### Task instructions
Once you reach the line containing "JOBY GorillaPod Mobile" in the entries below, write out that line and each one after it down to the line containing "Manifesto dei Musicisti", exactly and with nothing added.

### Data extracts
BEGIN
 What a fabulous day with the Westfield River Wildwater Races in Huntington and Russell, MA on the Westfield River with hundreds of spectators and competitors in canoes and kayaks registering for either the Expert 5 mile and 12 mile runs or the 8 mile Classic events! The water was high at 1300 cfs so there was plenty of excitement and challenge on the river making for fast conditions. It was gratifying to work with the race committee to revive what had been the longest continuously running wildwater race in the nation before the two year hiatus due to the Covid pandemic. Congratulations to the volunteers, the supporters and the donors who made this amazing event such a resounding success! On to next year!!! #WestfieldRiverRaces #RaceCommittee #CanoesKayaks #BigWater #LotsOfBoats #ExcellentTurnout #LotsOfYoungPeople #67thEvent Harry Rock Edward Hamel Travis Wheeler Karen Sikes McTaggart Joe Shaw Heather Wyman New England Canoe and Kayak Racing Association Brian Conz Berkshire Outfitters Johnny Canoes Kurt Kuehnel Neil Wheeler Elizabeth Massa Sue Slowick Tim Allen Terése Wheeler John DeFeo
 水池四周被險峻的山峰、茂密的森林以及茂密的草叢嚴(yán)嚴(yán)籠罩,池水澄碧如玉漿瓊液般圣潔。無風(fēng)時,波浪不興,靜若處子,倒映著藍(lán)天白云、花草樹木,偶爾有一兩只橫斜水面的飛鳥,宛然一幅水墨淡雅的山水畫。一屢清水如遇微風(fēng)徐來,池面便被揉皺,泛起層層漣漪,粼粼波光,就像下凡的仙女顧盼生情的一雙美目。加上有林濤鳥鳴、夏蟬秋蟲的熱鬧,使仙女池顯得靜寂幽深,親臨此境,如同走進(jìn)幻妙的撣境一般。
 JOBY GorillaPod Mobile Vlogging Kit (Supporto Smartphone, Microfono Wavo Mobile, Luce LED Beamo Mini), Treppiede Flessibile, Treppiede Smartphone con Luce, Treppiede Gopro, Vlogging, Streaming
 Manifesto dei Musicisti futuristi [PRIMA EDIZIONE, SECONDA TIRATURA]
END
BEGIN
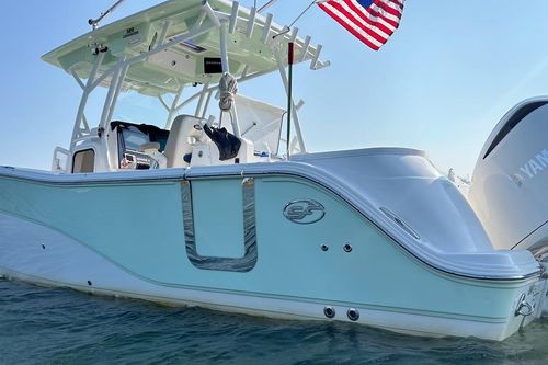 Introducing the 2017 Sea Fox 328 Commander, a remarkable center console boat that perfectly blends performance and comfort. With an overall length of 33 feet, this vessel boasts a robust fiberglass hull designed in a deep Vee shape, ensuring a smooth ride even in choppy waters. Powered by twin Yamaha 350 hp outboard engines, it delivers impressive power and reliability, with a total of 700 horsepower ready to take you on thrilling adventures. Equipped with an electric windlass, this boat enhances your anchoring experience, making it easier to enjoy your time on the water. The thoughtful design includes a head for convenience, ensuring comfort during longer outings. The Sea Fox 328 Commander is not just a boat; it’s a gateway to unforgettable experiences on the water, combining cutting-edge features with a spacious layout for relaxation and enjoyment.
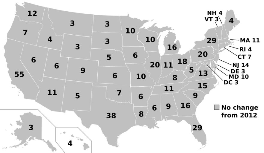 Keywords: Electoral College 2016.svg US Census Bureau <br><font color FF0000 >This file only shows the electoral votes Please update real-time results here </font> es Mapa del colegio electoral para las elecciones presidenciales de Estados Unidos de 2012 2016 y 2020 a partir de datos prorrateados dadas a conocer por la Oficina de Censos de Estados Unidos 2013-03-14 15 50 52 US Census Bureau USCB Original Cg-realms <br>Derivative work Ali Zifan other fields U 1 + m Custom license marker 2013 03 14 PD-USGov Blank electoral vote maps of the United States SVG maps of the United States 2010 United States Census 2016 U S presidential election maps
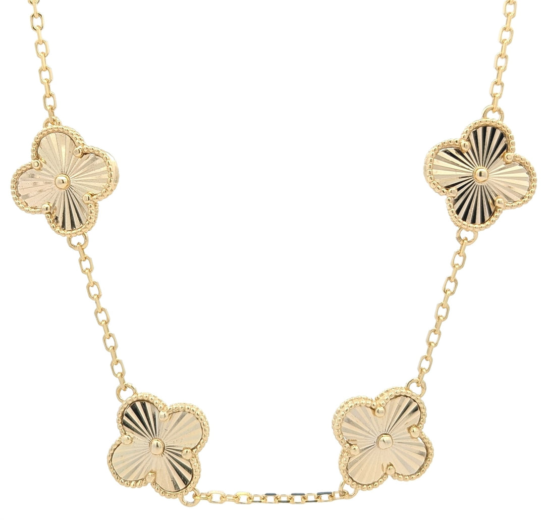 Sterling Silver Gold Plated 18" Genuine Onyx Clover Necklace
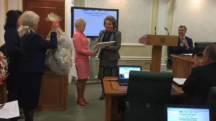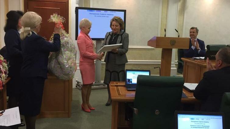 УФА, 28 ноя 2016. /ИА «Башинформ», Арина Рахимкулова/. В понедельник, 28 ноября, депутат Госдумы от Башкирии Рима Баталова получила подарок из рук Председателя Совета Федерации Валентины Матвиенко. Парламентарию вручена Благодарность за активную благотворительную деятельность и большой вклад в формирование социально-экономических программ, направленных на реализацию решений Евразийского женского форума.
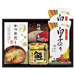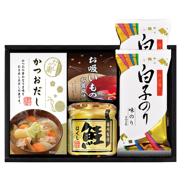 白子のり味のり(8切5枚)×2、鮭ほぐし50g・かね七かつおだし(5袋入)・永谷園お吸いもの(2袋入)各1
END
### Output for this exercise
 JOBY GorillaPod Mobile Vlogging Kit (Supporto Smartphone, Microfono Wavo Mobile, Luce LED Beamo Mini), Treppiede Flessibile, Treppiede Smartphone con Luce, Treppiede Gopro, Vlogging, Streaming
 Manifesto dei Musicisti futuristi [PRIMA EDIZIONE, SECONDA TIRATURA]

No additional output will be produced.